Reproduce precisely the lines of the listing below, starting with the line that contains "Visitors are welcomed" and stopping after the line that contains "Slogoven vrtni paviljon"; include nothing else.
[Excerpted data]
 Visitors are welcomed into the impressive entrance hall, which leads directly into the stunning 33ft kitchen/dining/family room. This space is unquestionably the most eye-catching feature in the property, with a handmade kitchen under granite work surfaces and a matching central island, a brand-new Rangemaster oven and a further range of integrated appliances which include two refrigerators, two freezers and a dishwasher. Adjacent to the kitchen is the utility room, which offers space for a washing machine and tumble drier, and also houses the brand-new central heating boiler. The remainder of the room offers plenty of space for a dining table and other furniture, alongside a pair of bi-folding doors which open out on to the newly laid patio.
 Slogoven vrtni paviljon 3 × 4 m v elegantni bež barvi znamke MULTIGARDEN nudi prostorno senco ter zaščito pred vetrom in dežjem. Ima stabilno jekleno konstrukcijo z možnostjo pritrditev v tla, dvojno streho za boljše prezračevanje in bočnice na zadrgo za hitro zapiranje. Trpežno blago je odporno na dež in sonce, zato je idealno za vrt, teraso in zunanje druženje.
[/Excerpted data]
[Excerpted data]
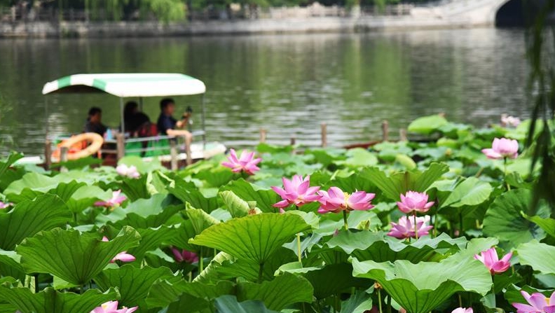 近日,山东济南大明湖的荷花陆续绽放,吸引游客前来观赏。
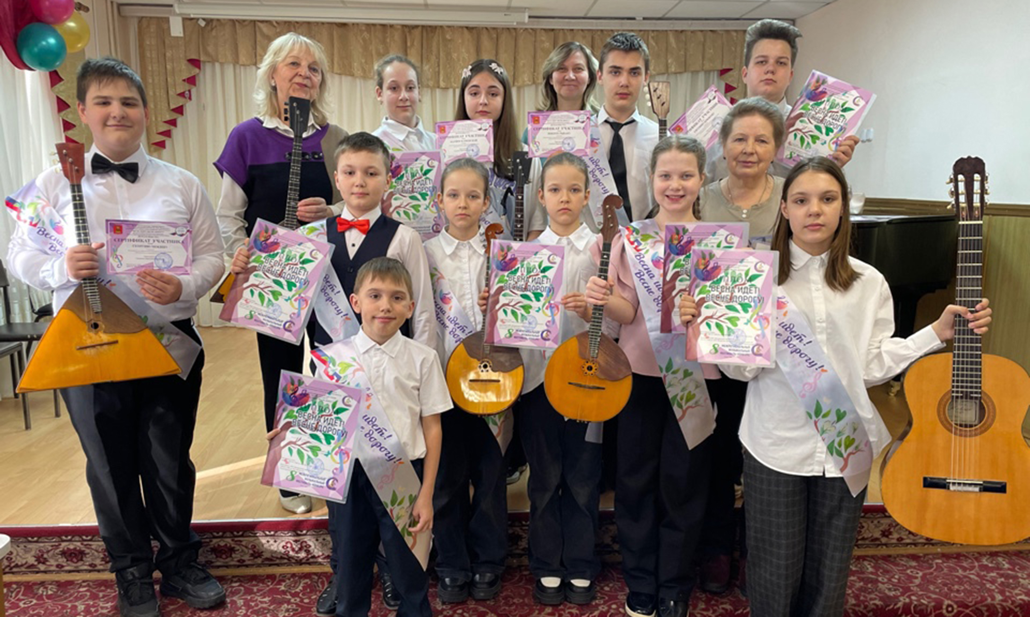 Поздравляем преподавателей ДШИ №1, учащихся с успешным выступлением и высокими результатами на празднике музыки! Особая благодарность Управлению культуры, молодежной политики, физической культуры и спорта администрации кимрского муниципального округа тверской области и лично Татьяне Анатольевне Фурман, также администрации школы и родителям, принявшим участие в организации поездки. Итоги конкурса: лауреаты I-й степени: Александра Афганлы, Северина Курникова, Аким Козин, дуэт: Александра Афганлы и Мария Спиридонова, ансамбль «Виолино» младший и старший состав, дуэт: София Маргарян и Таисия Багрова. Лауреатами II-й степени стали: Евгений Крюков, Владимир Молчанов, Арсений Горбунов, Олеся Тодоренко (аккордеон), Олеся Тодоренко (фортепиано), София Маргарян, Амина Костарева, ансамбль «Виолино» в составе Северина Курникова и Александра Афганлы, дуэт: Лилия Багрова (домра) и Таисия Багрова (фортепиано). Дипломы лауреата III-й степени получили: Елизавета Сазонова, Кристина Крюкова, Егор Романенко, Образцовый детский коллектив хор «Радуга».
[/Excerpted data]
[Excerpted data]
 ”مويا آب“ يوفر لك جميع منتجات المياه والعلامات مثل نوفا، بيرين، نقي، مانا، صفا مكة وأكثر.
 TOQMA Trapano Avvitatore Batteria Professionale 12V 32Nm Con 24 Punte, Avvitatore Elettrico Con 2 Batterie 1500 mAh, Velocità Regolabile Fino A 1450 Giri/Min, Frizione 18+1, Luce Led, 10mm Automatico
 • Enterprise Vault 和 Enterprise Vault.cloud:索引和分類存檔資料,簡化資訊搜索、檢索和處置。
[/Excerpted data]
▸ **Response below**
 Visitors are welcomed into the impressive entrance hall, which leads directly into the stunning 33ft kitchen/dining/family room. This space is unquestionably the most eye-catching feature in the property, with a handmade kitchen under granite work surfaces and a matching central island, a brand-new Rangemaster oven and a further range of integrated appliances which include two refrigerators, two freezers and a dishwasher. Adjacent to the kitchen is the utility room, which offers space for a washing machine and tumble drier, and also houses the brand-new central heating boiler. The remainder of the room offers plenty of space for a dining table and other furniture, alongside a pair of bi-folding doors which open out on to the newly laid patio.
 Slogoven vrtni paviljon 3 × 4 m v elegantni bež barvi znamke MULTIGARDEN nudi prostorno senco ter zaščito pred vetrom in dežjem. Ima stabilno jekleno konstrukcijo z možnostjo pritrditev v tla, dvojno streho za boljše prezračevanje in bočnice na zadrgo za hitro zapiranje. Trpežno blago je odporno na dež in sonce, zato je idealno za vrt, teraso in zunanje druženje.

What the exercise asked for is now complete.